- Founded: November 9, 1988; 37 years ago Rutgers University
- Type: Social
- Affiliation: NMGC
- Status: Active
- Emphasis: Multicultural
- Scope: National
- Motto: "Destroying All Boundaries. Uniting All Races. Omega Phi Chi. We Dare To Be Different. "Preserving the Past. Cultivating the Present. Building the Future. Omega Phi Chi. We Dare to Be Different."
- Slogan: "Diversity at its Finest"
- Colors: Perfect Pink and Onyx Black
- Symbol: Heart
- Flower: Pink Lady's Slipper
- Jewel: Black Onyx
- Mascot: Black panther
- Chapters: 26
- Headquarters: 576 Valley Road, #261 Wayne, New Jersey 07470 United States
- Website: www.omegaphichi.org

= Omega Phi Chi =

American multicultural collegiate sorority

Omega Phi Chi Multicultural Sorority, Inc. (ΩΦΧ) is an American multicultural sorority that was established on November 9, 1988 at Rutgers University–New Brunswick.

== History ==
Omega Phi Chi was established on November 9, 1988, at Rutgers University–New Brunswick by eight women of Asian, African American, and Latina descent.
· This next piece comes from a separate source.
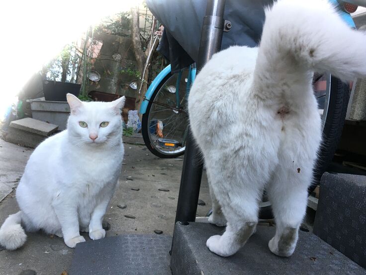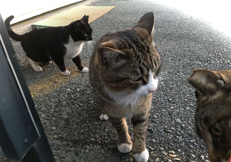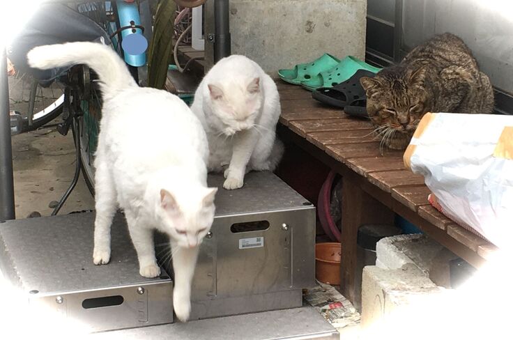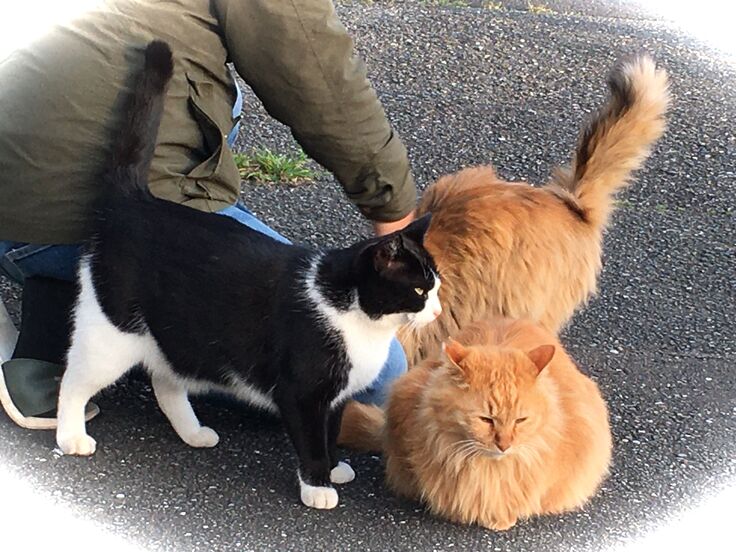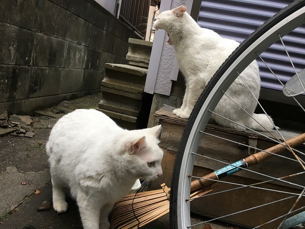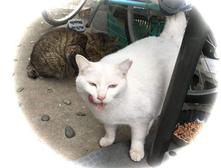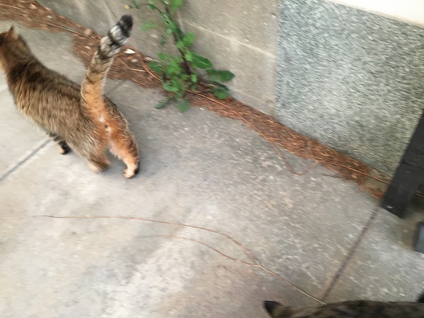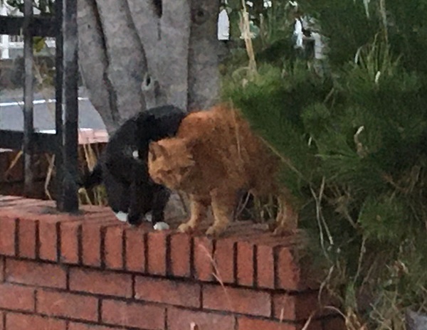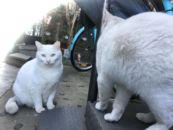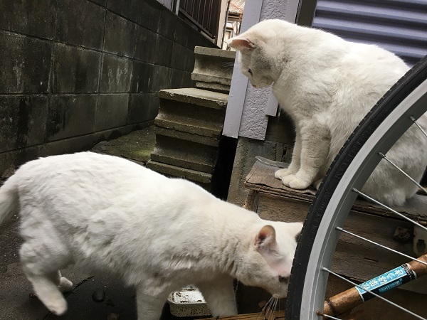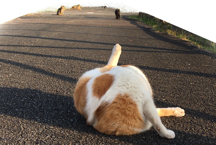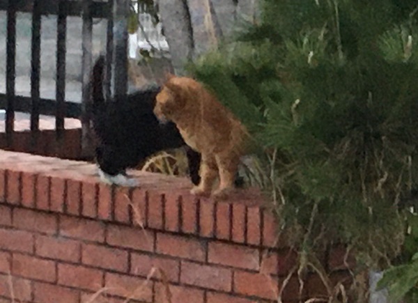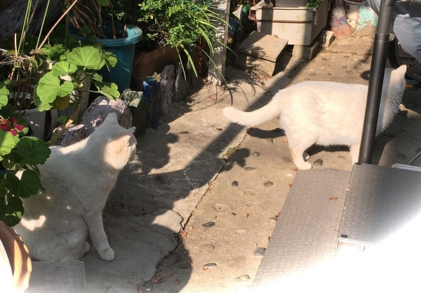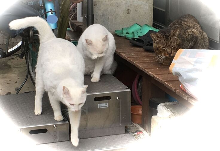西川のりお邸周辺で。おおらかな茶トラと器の小さい子がいます。

The sorority's founders felt the need to establish a multicultural organization that spoke to their needs across diverse backgrounds, distinct cultural roots, and the empowerment of the female culture. They came together to found a multicultural sorority; a different type of organization that would not be categorized by ethnicity, creed, or culture.

The founding mothers of Omega Phi Chi Multicultural Sorority Inc. are:

- Magdaly Casillas – Puerto Rican
- Cindy Cumba – Puerto Rican and Mexican
- Annette Cuevas – Puerto Rican
- Tracie Davis – African American
- Dawn Gonzalez – Puerto Rican
- Stacy Richardson – African American
- Bernadette Santana – Filipina and Dominican
- Socorro Valle – Puerto Rican
The purpose of Omega Phi Chi is to create a unity among all women and promote ethnic diversity by integrating women of all boundaries and cultures. The main objectives of this organization are academic excellence and involvement in community affairs. In addition, Omega Phi Chi members pride themselves in promoting professionalism.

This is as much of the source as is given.